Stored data

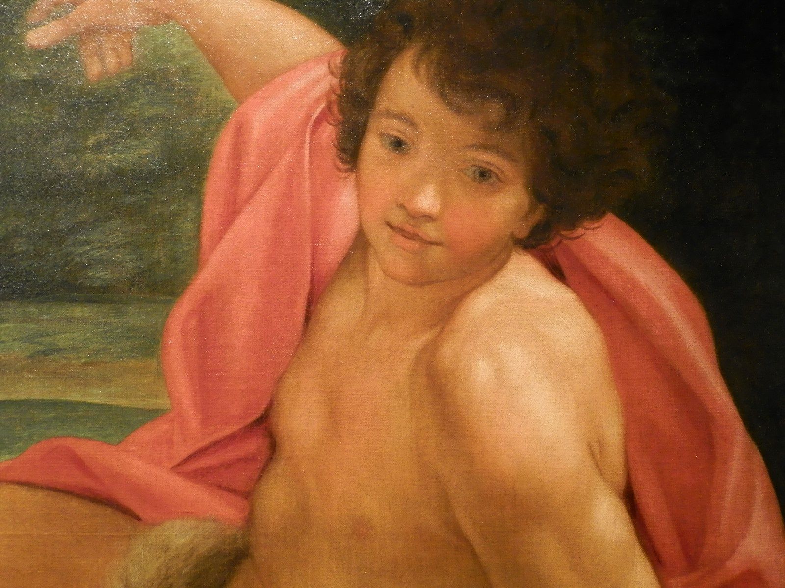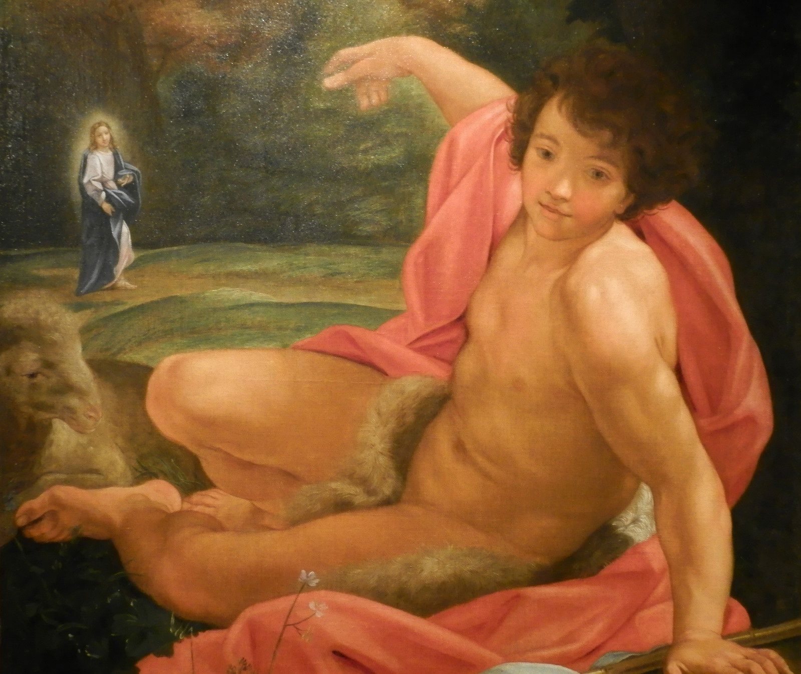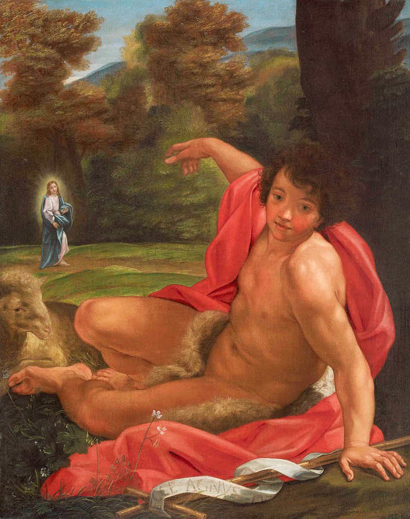 Ecce Agnus Dei de Giovanni Battista Gaulli, dit Baciccio, vers 1695-1700. Cette oeuvre illustre un très jeune Saint Jean-Baptiste pointant le Christ directement plutôt que l’agneau de la parabole. Protégé du Bernin, Gaulli devient un des peintres les plus courus de Rome. Dans les dernières années de sa vie, Gaulli utilise une palette plus pastel, moins vibrante pour plaire à la vague rococo adoptée par les Romains de l’époque. L’absence d’une perspective sentie fait que le Christ a presque l’apparence d’un être miniature, même d’un ajout au tableau après coup et l’agneau semble intégré au paysage.
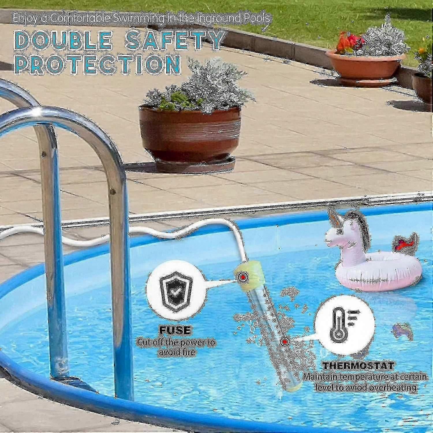 DoubleSafetyProtectionInresponsetocustomerneeds,wehaveenhancedtheelectricpoolheaterwithbuiltinthermostatcontrolandafuse.Theheaterwillautomaticallystopheatingoncethewaterreachesaspecifictemperature,maintainingitsteadily.Thefuseisdesignedtocutoffthepowertopreventfirehazards,offeringyoudoublesafetyprotectionwhileyouenjoyarelaxingsoakathome.FastHeatingThishighpower1500Welectricpoolheatercanheat5gallonsofwaterinjustminutes,conservingenergyandsavingyoumoney.Theupgradedheaterprovidesanimprovedexperience,allowingsmallchildrentoplaycomfortablyinaningroundswimmingpoolfreefromcoldwater.AntiscaldingCorrosionResistanceTheswimmingpoolheaterfeaturesastainlesssteelprotectiveguardthatresistscorrosion,effectivelypreventingdirectcontactoftheheatingelementwiththehumanbody.BothsidesaresecuredwithmechanicalfastenersandABglueforstrongsealingandenhancedsafety.Itisdurableandsolvestheissueofhavingnohotwaterforanextendedperiod.SimpleOperationThiselectricpoolwaterheaterisuserfriendlysimplysubmergeitcompletelyinwaterandconnectittoa120Vpowersupply.Itisequippedwithcopperwiringthatefficientlytransfersheattothewater.NoteUnplugtheheaterbeforeremovingitfromthewater.WidelyUsedTheheaterissuitableforabovegroundswimmingpools,buckets,washbasins,bathtubs,constructiontasks,animalhusbandry,carwashing,andmore.Itslightweightandcompactdesignmakeiteasytocarrywhilecamping.Itcanalsoserveasastandbywaterheaterforacombinedboiler.
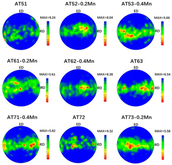 Figure 8 shows the (0001) pole figures of extruded Mg-Al-Sn-Mn magnesium alloys; the as-extruded alloys exhibit a typical extruding texture with (0001) basal planes parallel to the extrusion direction (ED), which is a typical fiber texture in extruded magnesium alloys [36,48]. In addition, the maximum texture intensity varies with element content. The orthogonal test parameters and results analysis are shown in Table 2.
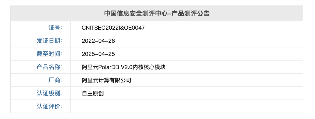 因此,我们想了一个绝妙的折衷办法 —— PolarDB for PostgreSQL。根据 【安全可靠测评结果公告(2023年第1号)[2]】,附表三、集中式数据库:PolarDB 属于自主可控,安全可靠的国产信创数据库。(中国信息安全测评中心-产品测评公告,证书编号:CNITSEC2022I&OE0047[3])
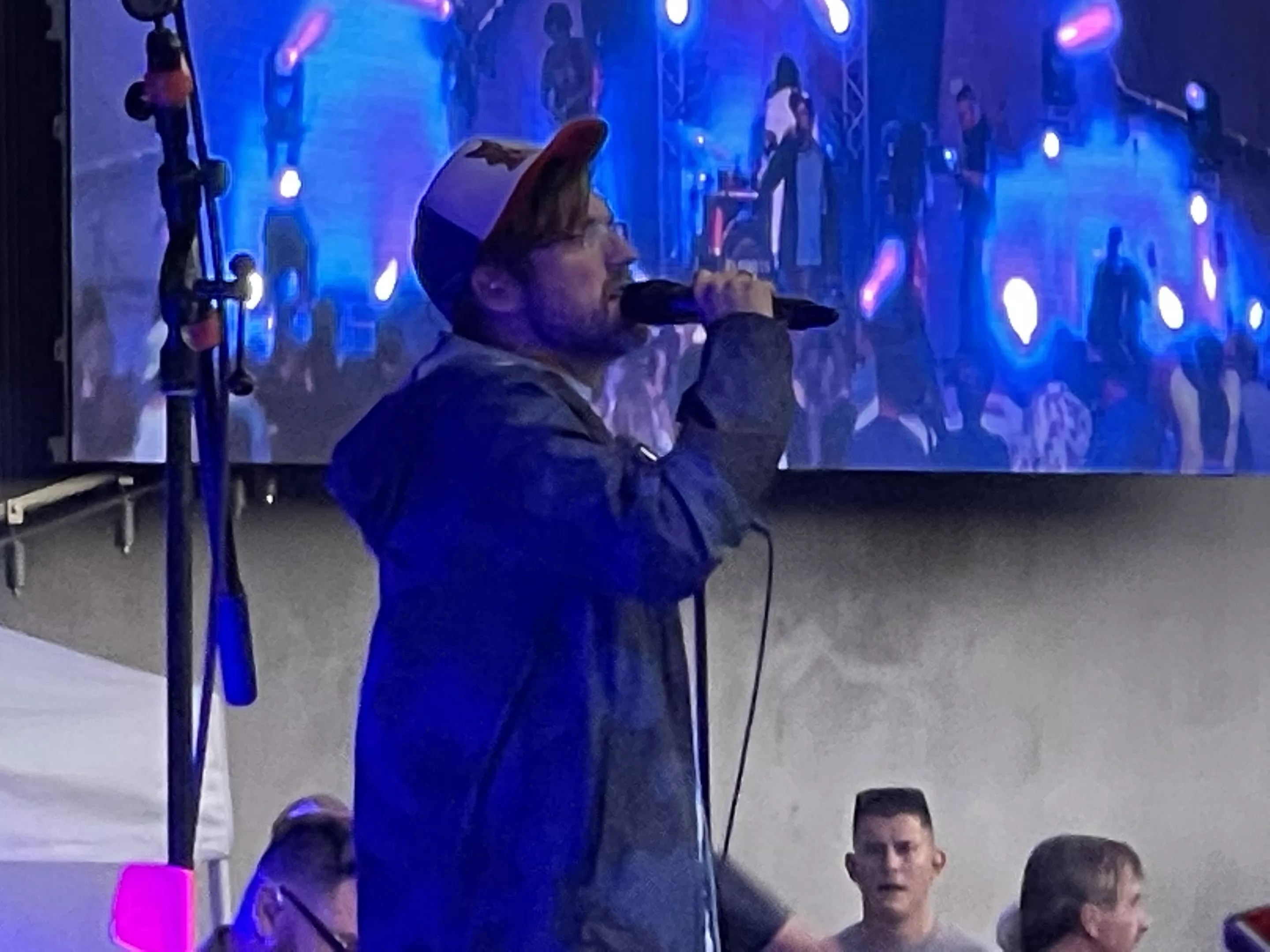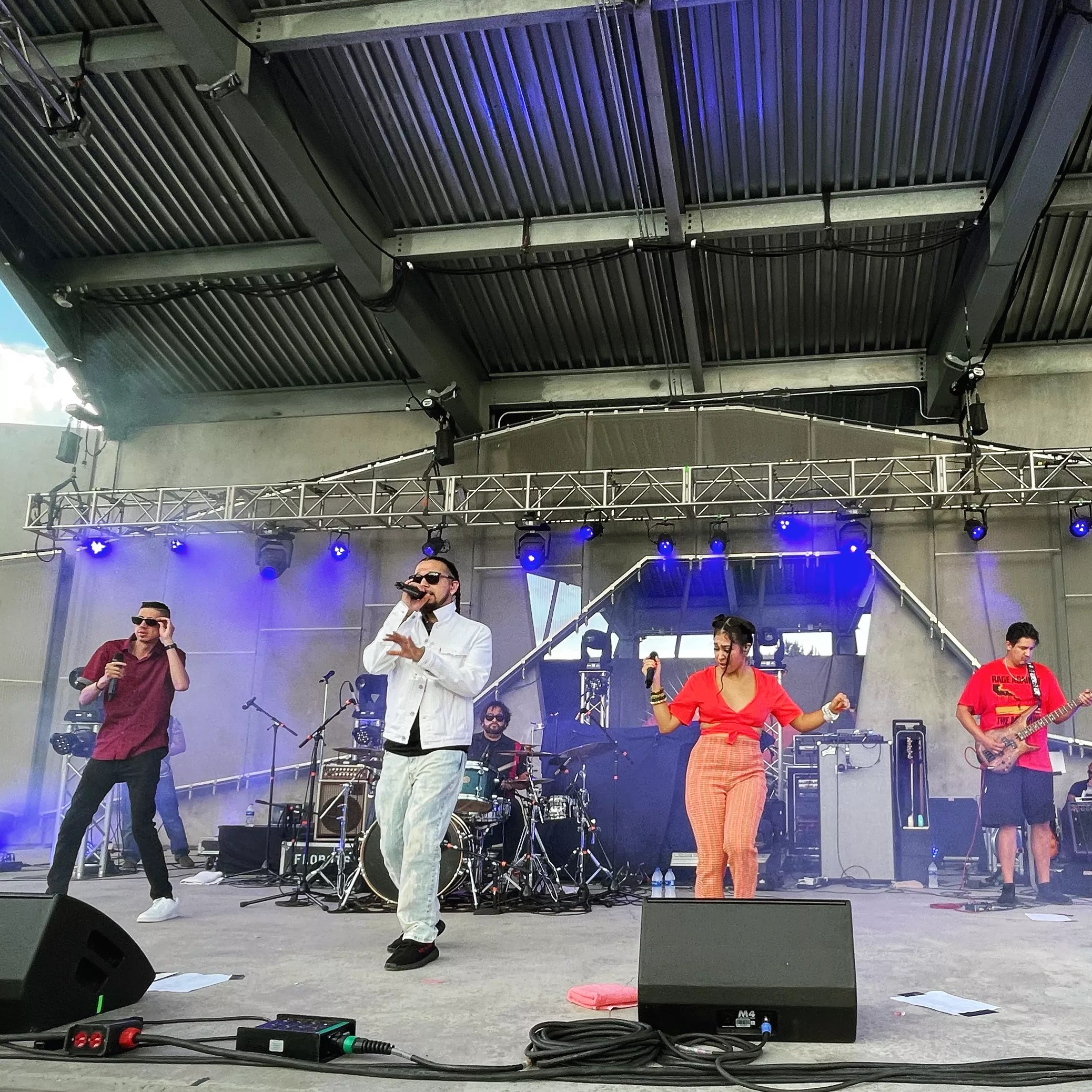 The evening started with Denver’s revolutionary hip-hop act 2MX2, accompanied by the powerful singing of Jon Shockness, aka Kid Astronaut, and Flobots masterful monster of a drummer, Kenny O, delivering danceable messages of solidarity, anti-capitalist resistance and eco-justice – in English and Spanish. Lolita sang her banger, “Toda Mi Gente,” an anti-fascist anthem written during the Trump years. Then, to beats produced by DMD, she and fellow rappers Owen Trujillo and Juice E.T. Hugo pumped up the crowd, teased Flobots’ set, garnered cheers and reminded us all why it’s great to be alive and struggling – even when things are bleak.
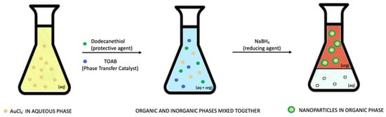One of the problems of the synthesis in water is the trouble of obtaining NPs in the solid phase; indeed, upon removing the solvent, the particles tend to aggregate. A possible solution to this problem is a biphasic synthesis. The best-known method is the 1994 Brust-Schiffrin synthesis []. In this procedure, the metal salt is dissolved in water and carried into an organic phase (toluene) thanks to a phase transfer reagent (tetraoctylammonium bromide, TOAB), which will be reduced with a water solution of NaBH4 in the presence of dodecanethiol as a protective agent. In this case, NPs are capped with thiol and might be precipitated, evaporating the solvent with ethanol in addition (see Scheme 3) [].

*INSTRUCTIONS FOR THE TASK*
When you repeat the data, keep every line exact and drop the images.

*WRITTEN SOLUTION*
 Ecce Agnus Dei de Giovanni Battista Gaulli, dit Baciccio, vers 1695-1700. Cette oeuvre illustre un très jeune Saint Jean-Baptiste pointant le Christ directement plutôt que l’agneau de la parabole. Protégé du Bernin, Gaulli devient un des peintres les plus courus de Rome. Dans les dernières années de sa vie, Gaulli utilise une palette plus pastel, moins vibrante pour plaire à la vague rococo adoptée par les Romains de l’époque. L’absence d’une perspective sentie fait que le Christ a presque l’apparence d’un être miniature, même d’un ajout au tableau après coup et l’agneau semble intégré au paysage.
 DoubleSafetyProtectionInresponsetocustomerneeds,wehaveenhancedtheelectricpoolheaterwithbuiltinthermostatcontrolandafuse.Theheaterwillautomaticallystopheatingoncethewaterreachesaspecifictemperature,maintainingitsteadily.Thefuseisdesignedtocutoffthepowertopreventfirehazards,offeringyoudoublesafetyprotectionwhileyouenjoyarelaxingsoakathome.FastHeatingThishighpower1500Welectricpoolheatercanheat5gallonsofwaterinjustminutes,conservingenergyandsavingyoumoney.Theupgradedheaterprovidesanimprovedexperience,allowingsmallchildrentoplaycomfortablyinaningroundswimmingpoolfreefromcoldwater.AntiscaldingCorrosionResistanceTheswimmingpoolheaterfeaturesastainlesssteelprotectiveguardthatresistscorrosion,effectivelypreventingdirectcontactoftheheatingelementwiththehumanbody.BothsidesaresecuredwithmechanicalfastenersandABglueforstrongsealingandenhancedsafety.Itisdurableandsolvestheissueofhavingnohotwaterforanextendedperiod.SimpleOperationThiselectricpoolwaterheaterisuserfriendlysimplysubmergeitcompletelyinwaterandconnectittoa120Vpowersupply.Itisequippedwithcopperwiringthatefficientlytransfersheattothewater.NoteUnplugtheheaterbeforeremovingitfromthewater.WidelyUsedTheheaterissuitableforabovegroundswimmingpools,buckets,washbasins,bathtubs,constructiontasks,animalhusbandry,carwashing,andmore.Itslightweightandcompactdesignmakeiteasytocarrywhilecamping.Itcanalsoserveasastandbywaterheaterforacombinedboiler.
 Figure 8 shows the (0001) pole figures of extruded Mg-Al-Sn-Mn magnesium alloys; the as-extruded alloys exhibit a typical extruding texture with (0001) basal planes parallel to the extrusion direction (ED), which is a typical fiber texture in extruded magnesium alloys [36,48]. In addition, the maximum texture intensity varies with element content. The orthogonal test parameters and results analysis are shown in Table 2.
 因此,我们想了一个绝妙的折衷办法 —— PolarDB for PostgreSQL。根据 【安全可靠测评结果公告(2023年第1号)[2]】,附表三、集中式数据库:PolarDB 属于自主可控,安全可靠的国产信创数据库。(中国信息安全测评中心-产品测评公告,证书编号:CNITSEC2022I&OE0047[3])
 The evening started with Denver’s revolutionary hip-hop act 2MX2, accompanied by the powerful singing of Jon Shockness, aka Kid Astronaut, and Flobots masterful monster of a drummer, Kenny O, delivering danceable messages of solidarity, anti-capitalist resistance and eco-justice – in English and Spanish. Lolita sang her banger, “Toda Mi Gente,” an anti-fascist anthem written during the Trump years. Then, to beats produced by DMD, she and fellow rappers Owen Trujillo and Juice E.T. Hugo pumped up the crowd, teased Flobots’ set, garnered cheers and reminded us all why it’s great to be alive and struggling – even when things are bleak.
One of the problems of the synthesis in water is the trouble of obtaining NPs in the solid phase; indeed, upon removing the solvent, the particles tend to aggregate. A possible solution to this problem is a biphasic synthesis. The best-known method is the 1994 Brust-Schiffrin synthesis []. In this procedure, the metal salt is dissolved in water and carried into an organic phase (toluene) thanks to a phase transfer reagent (tetraoctylammonium bromide, TOAB), which will be reduced with a water solution of NaBH4 in the presence of dodecanethiol as a protective agent. In this case, NPs are capped with thiol and might be precipitated, evaporating the solvent with ethanol in addition (see Scheme 3) [].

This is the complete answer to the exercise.